Shares of SpaceX went below their offer price of $135 on Wednesday for the very first time since its IPO in June, demonstrating that no record-setting IPO can remain untouched once the excitement of the first day of trading has passed.
Anyone who purchased the stock after its IPO might find the ride painful. On Wednesday (July 15), the stock reached an intraday low of about $132 before rallying to close right above the offer price of about $135.27.
The stock finished trading on Wednesday down about 0.6%. Business Insider said the stock hit an intraday low of $132.15 on Wednesday and closed at $135.28, which is about 40% off the high of $225.64 that the stock achieved shortly after its public debut last month.
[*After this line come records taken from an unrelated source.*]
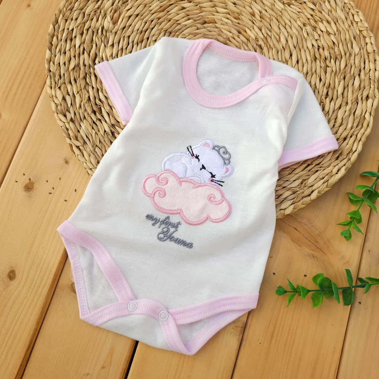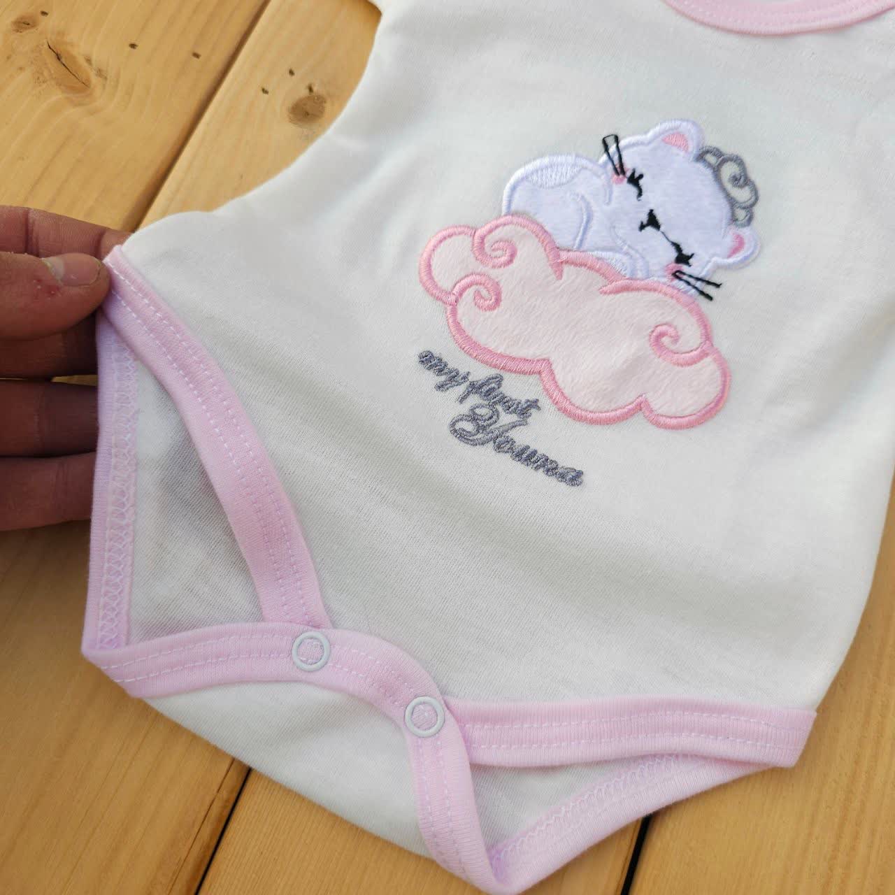 سرویس ۵ تکه گلدوزی شده دخترانه یونا سایز ۰ تا ۲ رنگ صورتی
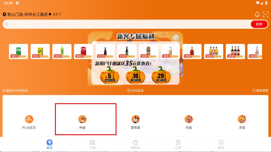 1、点击【啤酒-分类图标】,进入啤酒分类页面。
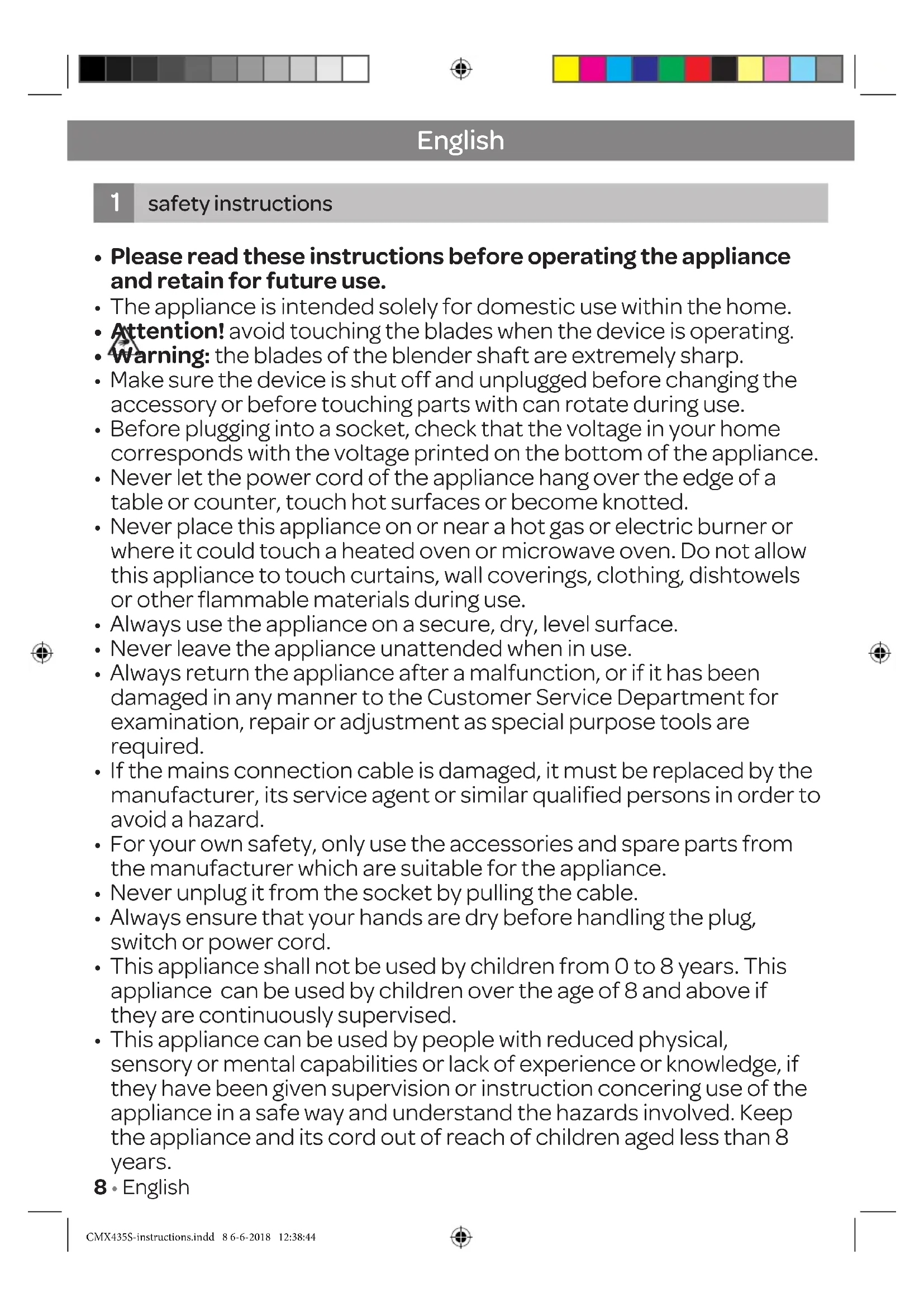 - When you have finished mixing or blending and released the button, wait until the knives have stopped turning, before approaching the blender shaft with your hands.

That high is the essence of the story. SpaceX set its price, went public, soared, and has been shedding its gains for weeks. Its public debut happened on June 12th, and Business Insider reported a valuation at $85.7 billion, resulting in a market capitalisation exceeding $2 trillion.
Reports from InvestingLive put the highest valuation at over $2.6 trillion, but it eventually stabilised at around $1.78 trillion by Wednesday afternoon. SpaceX has plummeted by around 13% ever since its inclusion in the Nasdaq 100 and its inclusion did not help to stop the decline.
As per the analysts quoted by InvestingLive, the reason why the stock has declined can be attributed to a familiar cluster: traders booking profits, unwinding of many bullish bets that were made following the listing and worries about how SpaceX finances its ambitions.
The company had issued bonds worth $25 billion in a bid to pay for its ambitions in the field of artificial intelligence, but the opinion on Wall street about the efficacy of this expenditure remains divided. In addition, the upcoming Federal Reserve rate hikes are creating further pressure on the overvalued tech companies.
There is also not much left to support the price. The underwriters already fully utilized the green shoe feature, which allows them to buy additional shares to stabilize the performance of a new stock. So, there is no space left for any intervention. Doubters point to a last year’s loss of $4.9 billion and many unfulfilled ambitions.
The bears are getting louder. “All we have is hope right now but hope isn’t a business strategy,” Keith Snyder, a CFRA Research analyst with a sell rating on the stock, told Business Insider. He said he wants to see growth actually arrive before turning more positive.
The long-term forecasts shared by Wall Street show a more cheerful picture, revealing where the crux of the matter is. Morgan Stanley, one of the major underwriters of the deal, puts the target price of the stock at $300 for the next 12 months. Meanwhile, JPMorgan suggests that the stock will reach the price of $225 by the end of 2027.
The most pessimistic, and at the same time, the most cautionary estimate comes from Morningstar, which puts the value of the stock at $63—well below its current price. The supporters of SpaceX claim that the company deserves its high price owing to the fact that it is one of the leaders and pioneers in providing launch services as well as operating the Starlink network. Critics, in their turn, raise doubts over the issue of valuation, governance, and the willingness to pay for future possibilities.
The existence of such pricing power underlying those bullish cases has already been put into doubt by a previous report from Cryptopolitan. A working paper released earlier this month by economist Akhil Rao, and which is available on arXiv, claims that SpaceX’s Falcon 9 costs to launch a satellite are likely to have dropped by 70% between 2012 and 2026, while the price of the launch had only dropped by approximately 6% in real terms. This means that cost savings have been capitalized on by SpaceX’s owned Starlink instead of being passed onto consumers. Now the market is re-evaluating the company’s vertical integration, whether it is beneficial or a disadvantage.
SpaceX is not collapsing by itself. Business Insider has suggested that the current development signifies the end of the so-called honeymooning period of AI listings that has defined 2026 so far. SK Hynix, which ranked as the largest foreign IPO in the US at $26.5 billion, has also fallen below the initial price of $170 per share.
Cerebras surged by 109% at the beginning before getting back almost half of the value. Meanwhile, CoreWeave’s stock was up almost 400% from the 2025 offering price before losing most of those gains and currently remains far below its peak. All the examples share the same pattern of rise, fade, and falling stock left in between the price and listing prices.
The ensuing developments concerning SpaceX are certain. The company will be announcing its first earnings report as a publicly listed entity in the first week of August, followed by the expiry of the initial lock-up period allowing employees and early investors to cash in their stakes, thus increasing the supply of an already underperforming stock.
In addition, investors will be expecting the next test flight of the Starship, the vehicle that is crucial to the company’s plans concerning both its satellites and AI-based infrastructure, including the establishment of data centers in orbit and the launch of missions to the Moon.